The view here advanced on the character of these ‘Pidgin’ languages is corroborated when we see that other languages under similar circumstances have been treated in exactly the same way as English. With regard to French in the island of Mauritius, formerly Ile de France, we are fortunate in possessing an excellent treatment of the subject by M. C. Baissac (Étude sur le Patois Créole Mauricien, Nancy, 1880; cf. the same writer’s Le Folk-lore de l’Ile-Maurice, Paris, 1888, Les littératures populaires, tome xxvii). The island was uninhabited when the French occupied it in 1715; a great many slaves were imported from Madagascar, and as a means of intercourse between them and their French masters a French Creole language sprang up, which has survived the English conquest (1810) and the subsequent wholesale introduction of coolies from India and elsewhere. The paramount element in the vocabulary is French; one may read many pages in Baissac’s texts without coming across any foreign words, apart from the names of some indigenous animals and plants. In the phonetic structure there are a few all-pervading traits: the front-round vowels are replaced by the corresponding unrounded vowels or in a few cases by , and instead of [ʃ, ʒ] we find [s, z]; thus éré heureux, éne plime une plume, sakéne chacun(e), zize juge, zunu genou, suval cheval: I replace Baissac’s notation, which is modelled on the French spelling, by a more phonetic one according to his own indications; but I keep his final e muet.

The grammar of this language is as simple as possible. Substantives have the same form for the two numbers: dé suval deux chevaux. There is no definite article. The adjective is invariable, thus also sa for ce, cet, cette, ces, ceci, cela, celui, celle, ceux, celles. Mo before a verb is ‘I,’ before a substantive it is possessive: mo koné I know, mo lakaze my house; in the same way to is you and your, but in the third person a distinction is made, for li is he or she, but his or her is so, and here we have even a plural, zaute from ‘les autres,’ which form is also used as a plural of the second person: mo va alle av zaut, I shall go with you.

The genitive is expressed by word-order without any preposition: lakase so papa his father’s house; also with so before the nominative: so piti ppa Azor old Azor’s child.

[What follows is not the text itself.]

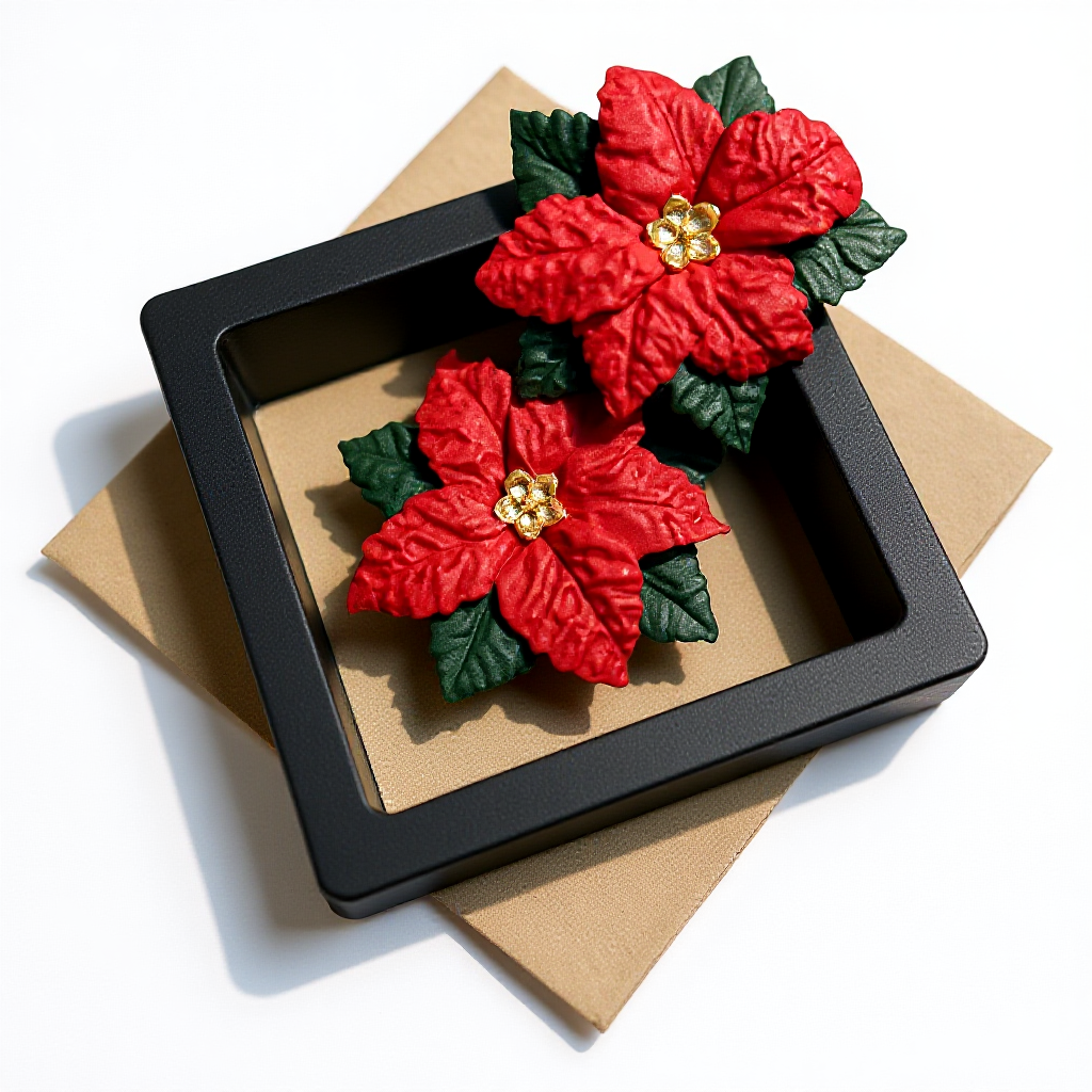 Roku darbs Ziemassvētku piespraude puansentija, rota - kas radīta svētku laikam un siltajām sajūtām. Auskari ir veidoti no polimērmāla – viegls, elastīgs un neplīstošs materiāls, kas nebaidās no kritieniem.

The form in which the French words have been taken over presents some curious features, and in some cases illustrates the difficulty the blacks felt in separating the words which they heard in the French utterance as one continuous stream of sounds. There is evidently a disinclination to begin a word with a vowel, and sometimes an initial vowel is left out, as bitation habitation, tranzé étranger, but in other cases z is taken from the French plural article: zozo oiseau, zistoire, zenfan, zimaze image, zalfan éléphant, zanimo animal, or n from the French indefinite article: name ghost, nabi (or zabi) habit. In many cases the whole French article is taken as an integral part of the word, as lérat rat, léroi, licien chien, latabe table, lére heure (often as a conjunction ‘when’); thus also with the plural article lizié from les yeux, but without the plural signification: éne lizié an eye. Similarly éne lazoie a goose. Words that are often used in French with the so-called partitive article keep this; thus disel salt, divin wine, duri rice, éne dipin a loaf; here also we meet with one word from the French plural: éne dizéf an egg, from des œufs. The French mass-word with the partitive article du monde has become dimunde or dumune, and as it means ‘people’ and no distinction is made between plural and singular, it is used also for ‘person’: éne vié dimunde an old man.